J'ai donc appris à me calmer et à laisser la vie suivre son cours. Je fais de la méditation transcendantale, qui, pour moi, est une grande libération. J'aime aussi lire et voyager. La lecture me donne une sorte de solidarité avec ma propre condition, et les voyages me permettent de mieux apprécier la condition humaine. Cette combinaison, ainsi que la cuisine, m'a permis de rester en rémission au cours des dix dernières années.

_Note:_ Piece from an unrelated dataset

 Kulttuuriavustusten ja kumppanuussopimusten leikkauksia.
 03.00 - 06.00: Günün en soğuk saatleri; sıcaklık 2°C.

Les gens dans les cuisines ont tous tendance à faire quelque chose pour les aider à passer la nuit : ils boivent, ils fument, ils se droguent. C'est un travail très dur. C'est quand je suis entré dans la cuisine que j'ai commencé à guérir. Le fait d'avoir la maladie de Crohn m'a sauvé la vie parce que cela m'a mis dans une situation difficile. Je me sentais comme un requin dans l'eau avec un seul aileron. Je devais nager deux fois plus fort pour survivre. J'ai mis tout ce que j'avais dans ma cuisine, et en même temps, j'ai été obligé d'avoir une relation à distance avec la nourriture que je voulais manger. J'ai dû me battre pour revenir, une bouchée à la fois.

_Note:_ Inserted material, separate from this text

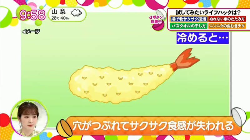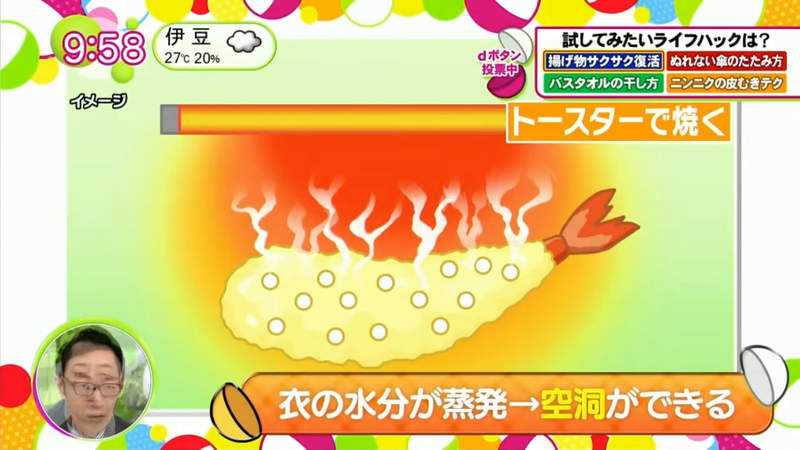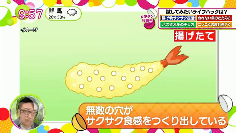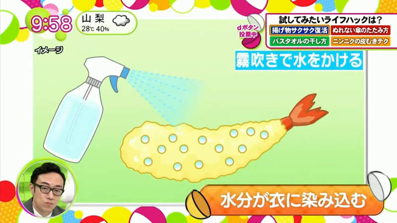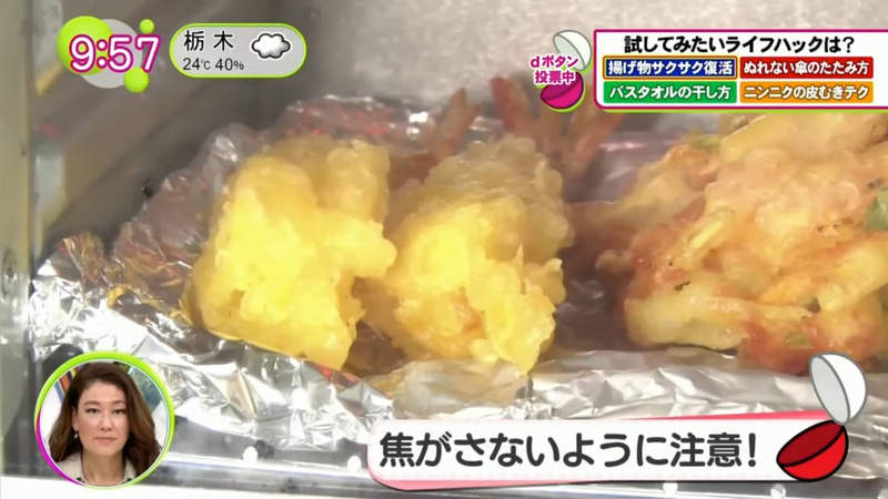 ▼這樣做為什麼會讓炸物復活呢?營養師說,炸物的酥脆口感源自麵衣中的無數孔洞。食物冷卻之後孔洞就會萎縮,酥脆口感也就沒有了。

La nourriture comme énergie de guérison
Les aliments qui m'aident le plus C mentalement et spirituellement C sont des aliments cuisinés avec amour par d'autres personnes. Je peux, bien sûr, cuisiner pour moi-même, mais comme je goûte une bonne centaine de fois avant de terminer un plat, mon palais se fatigue. Quelqu'un qui cuisine pour vous est l'un des plus beaux actes de bonté qui soit. C'est un geste nourricier que je n'ai jamais pris à la légère. Il me met immédiatement à l'aise et transmet une énergie curative qui m'ouvre complètement. Et lorsque je cuisine pour les autres, je déverse exactement la même énergie dans cette expérience culinaire. Il s'agit de guérir par la nourriture, physiquement, psychologiquement et émotionnellement.

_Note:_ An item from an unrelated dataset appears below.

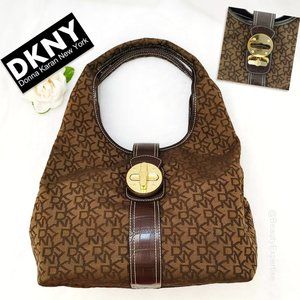 DKNY Brown Hobo Bag Monogram Jacquard Gold Buckle Turnlock Flap Shoulder…

Le conseil que je donne aux gourmets atteints de la maladie de Crohn est de dresser une liste des choses que vous aimez et dont vous avez envie. Sucré, salé, en sauce, croustillant, tout ce qui vous fait plaisir. Ensuite, essayez de trouver l'équivalent sain de ces choses. Découvrez ce qui existe. Les choses que vous découvrirez que vous pouvez et aimez manger vous conduiront à d'autres choses que vous pourrez manger. Il se peut même que vous finissiez par aimer ces aliments plus que les originaux. En bref : concentrez-vous sur ce que vous aimez manger et pouvez manger. Et ne laissez pas le stress diriger votre vie.
Avoir Crohns, ça craint, mais je n'y changerais rien. C'est ce qui a fait de moi ce que je suis.
Douglass Williams est le propriétaire et le chef principal du MIDA, un restaurant italien qui possède deux établissements à Boston, dans le Massachusetts. En 2020, ce père de deux enfants, âgé de 37 ans, a été reconnu comme l'un des meilleurs nouveaux chefs d'Amérique par le magazine Food & Wine. Il a également été demi-finaliste du James Beard Award la même année et a été nominé pour le prix du meilleur chef en 2022.